Architecture :: Learning Process :: Engagement vs. Non-Engagement :: Experimental Setup :: Hypothesis

Geo's Architecture

 

The architecture is divided into 3 main sections; Sensors, Actions and Learning

Geo's Architecture

Sensors:

The sensor's component of the architecture is what takes the user's input from the tactile sensors and processes them accordingly. There are three different actions the sensors component will take from the tactile feedback.

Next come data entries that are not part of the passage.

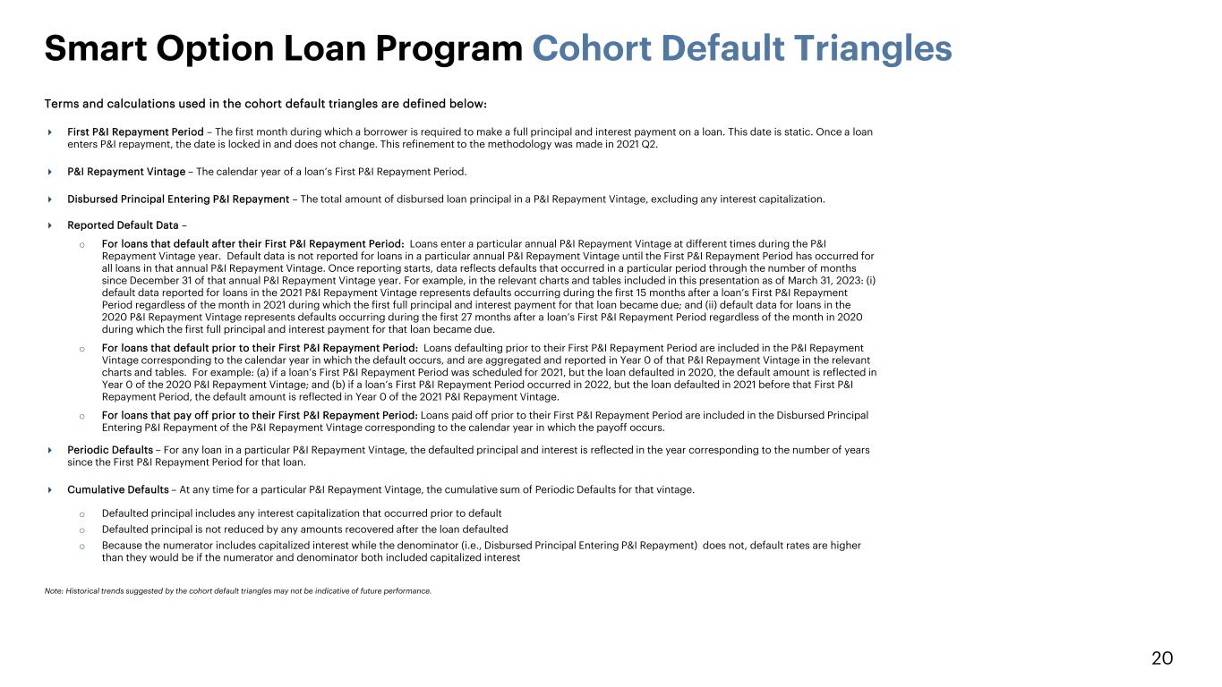 20 Smart Option Loan Program Cohort Default Triangles Terms and calculations used in the cohort default triangles are defined below:  First P&I Repayment Period – The first month during which a borrower is required to make a full principal and interest payment on a loan. This date is static. Once a loan enters P&I repayment, the date is locked in and does not change. This refinement to the methodology was made in 2021 Q2.  P&I Repayment Vintage – The calendar year of a loan’s First P&I Repayment Period.  Disbursed Principal Entering P&I Repayment – The total amount of disbursed loan principal in a P&I Repayment Vintage, excluding any interest capitalization.  Reported Default Data – o For loans that default after their First P&I Repayment Period: Loans enter a particular annual P&I Repayment Vintage at different times during the P&I Repayment Vintage year. Default data is not reported for loans in a particular annual P&I Repayment Vintage until the First P&I Repayment Period has occurred for all loans in that annual P&I Repayment Vintage. Once reporting starts, data reflects defaults that occurred in a particular period through the number of months since December 31 of that annual P&I Repayment Vintage year. For example, in the relevant charts and tables included in this presentation as of March 31, 2023: (i) default data reported for loans in the 2021 P&I Repayment Vintage represents defaults occurring during the first 15 months after a loan’s First P&I Repayment Period regardless of the month in 2021 during which the first full principal and interest payment for that loan became due; and (ii) default data for loans in the 2020 P&I Repayment Vintage represents defaults occurring during the first 27 months after a loan’s First P&I Repayment Period regardless of the month in 2020 during which the first full principal and interest payment for that loan became due. o For loans that default prior to their First P&I Repayment Period: Loans defaulting prior to their First P&I Repayment Period are included in the P&I Repayment Vintage corresponding to the calendar year in which the default occurs, and are aggregated and reported in Year 0 of that P&I Repayment Vintage in the relevant charts and tables. For example: (a) if a loan’s First P&I Repayment Period was scheduled for 2021, but the loan defaulted in 2020, the default amount is reflected in Year 0 of the 2020 P&I Repayment Vintage; and (b) if a loan’s First P&I Repayment Period occurred in 2022, but the loan defaulted in 2021 before that First P&I Repayment Period, the default amount is reflected in Year 0 of the 2021 P&I Repayment Vintage. o For loans that pay off prior to their First P&I Repayment Period: Loans paid off prior to their First P&I Repayment Period are included in the Disbursed Principal Entering P&I Repayment of the P&I Repayment Vintage corresponding to the calendar year in which the payoff occurs.  Periodic Defaults – For any loan in a particular P&I Repayment Vintage, the defaulted principal and interest is reflected in the year corresponding to the number of years since the First P&I Repayment Period for that loan.  Cumulative Defaults – At any time for a particular P&I Repayment Vintage, the cumulative sum of Periodic Defaults for that vintage. o Defaulted principal includes any interest capitalization that occurred prior to default o Defaulted principal is not reduced by any amounts recovered after the loan defaulted o Because the numerator includes capitalized interest while the denominator (i.e., Disbursed Principal Entering P&I Repayment) does not, default rates are higher than they would be if the numerator and denominator both included capitalized interest Note: Historical trends suggested by the cohort default triangles may not be indicative of future performance.
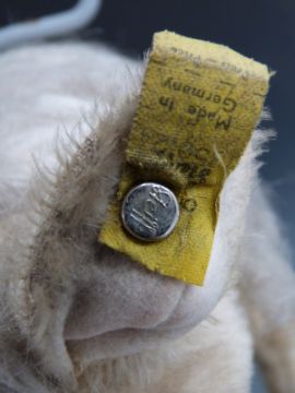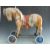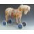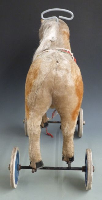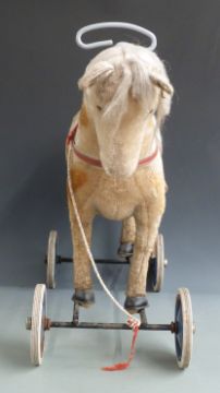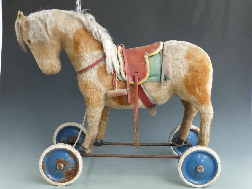 Steiff ride on horse on wheels with shaved spotted mohair, leather saddle, blue metal wheels and original button and label to the ear, 69cm long.
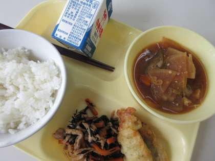 ・ごはん ・牛乳 ・あじフリッター ・切り干し大根とひじきの炒め煮 ・豚汁

Guidance is where the human user has touched one of the appendages of Geo and now Geo is wanting to feed that information into the action component so that Geo can respond to the request for guidance and perform an action related to the action given.

The reward action is where the Geo has detected that the user has either patted him on the back or swatted him on the butt which will result in either positive or negative feedback respectively. The reward will then get sent to the learner component which uses the action performed and the reward given in its learning algorithm. Only one reward is recorded if multiple positives or multiple negatives are given.

The reset action is where the user touches the reset button which sends Geo back to the initial state or the first step of the dance.

Actions:

The action component is comprised of the behavior engine, which selects the next action to perform, and the action executor which actually performs the selected action. The behavior engine gets the current action table for the given state and uses a simple Epsilon-Greedy algorithm to select the action to perform. The epsilon is specified by the confidence level of the state, high confidence :: low epsilon, low confidence :: high epsilon. The behavior engine also transitions to the step of the dance (state) when it has performed a number of actions without user feedback. The number of actions required before the state transition is determined by the confidence level where a high confidence will transition quickly and a low confidence will not.

Learning:

The learning component, gone into further detail in the Learning processes section, is where the tables and rewards are updated and the best action to the current state is mapped.